Estimating limits from tables

# One-sided limits from tables

AP.CALC:
LIM‑1 (EU)
,
LIM‑1.C (LO)
,
LIM‑1.C.5 (EK)
When we read a one-sided limit from a table, we are only interested in the value the function approaches from a single direction (either left or right).

## Want to join the conversation?

• When can you tell if the limit of a one-sided function does not exist? I am having trouble figuring that out.
• A limit is defined as the value of a function f(x) as x approaches some c value from both sides of said c value. A one-sided limit is the same as a regular limit, but it only requires one side of the function to be approaching the c value. One-sided limits may not exist in the following cases:
-The function goes to infinity (a vertical tangent) at the c value from that side
-The function doesn't approach the c value from that side

The one sided limit still exists in the following cases:
-The limit from the other side is different
-The actual value of the function at the point c doesn't exist (hole), but the one side of the function still approaches a value
-The actual value of the function jumps at the point c, but the one side of the function still approaches a value
-A discontinuity in the function that doesn't affect the ability to determine the limit

Hope this helps!
• Will we learn how to find out the actual limit of a function later in calculus, or is that not possible?
• You will learn how to find the actual limit. It's later on in this unit.
• Wouldn't it be more reasonable to assume that lim(x->-2^-) f(x)=-2500?
Because -20*5=-100, -100*5=-500, -500*5=-2500
• The thing is, why did you stop there? Perhaps -2500 is the value at -2.0001. Maybe there's another value at -2.00001, say -2500 * 5 = -12500. Is that the limit? Or will it multiply by five again if we try a closer number? Just how close do we need to get before we're certain?

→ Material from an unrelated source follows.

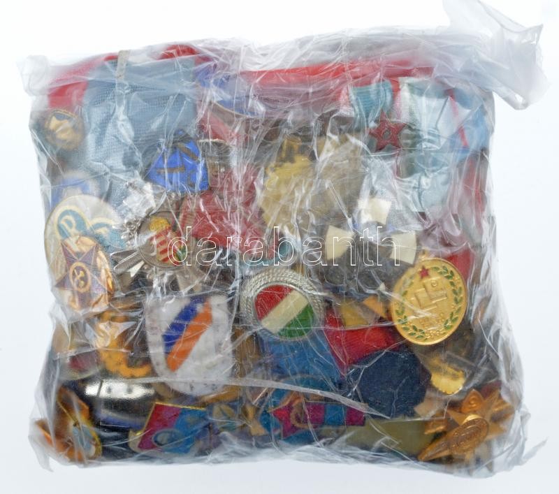 Több mint 100db vegyes, magyar és külföldi jelvényből álló tétel. Közte: ~1910. ‘Magyar Kárpát Turista SE’ zománcozott Br jelvény (2x) + ~1970-1980. ‘Önkéntes rendőr’ zománcozott fém jelvény + ~1960-1980. ‘Kiváló Szakaszparancsnok’ aranyozott, zománcozott

If the values started to slow down at some point, then it might be a reasonable estimate. For example:
-2.0001 = 2499
-2.00001 = 2499.5
-2.000001 = 2499.75
In this case, yes, -2500 is probably a good guess. But working just from the table we're given, the numbers appear to simply be increasing exponentially as we approach -2, and for that reason we can assume it probably is unbounded.
• How to know that the function is unbounded ?
• consider x approaching -2 and y=f(x). We see that as the function grows closer to -2 (-2.1,-2.01,-2.001, -2.00000001, etc...) f(x) falls exponentially (-100, -500, etc..). Plot this on a graph and you'll notice the function is unbounded at x= -2 and that the limit approaching from the left is infinity (or doesn't exist).
• What I must do to be 100% sure about the limit of a function?What is the method for finding the limit of a function with absolute certainty?
• This is a good question. Using tables only suggests what the limit might be, but does not give the limit with certainty. However, limits (if they exist) can be found with certainty by using algebraic techniques such as direct substitution, factoring & reducing, multiplying top and bottom by a conjugate, using trigonometric identities, and using L’Hopital’s rule.
• Wait, I'm confused, why was the limit to the left negative 4? Shouldn't it be it doesn't exist, since -4 was an f(x) value?
(1 vote)
• I don't think the actual value of the function at the specified point is needed in order to determine the limit. You only need values that get closer and closer to that point. Therefore, it is redundant that -4 is a value of f(x) as it does not affect the limit.
• If a one-sided limit is unbounded, do you say it is "unbounded" as the answer to the limit or "does not exist"
(1 vote)
• Usually it's enough to say that the limit doesn't exist, but if we need to specify why the limit doesn't exist, then we would have to say that it's because the function grows unboundedly.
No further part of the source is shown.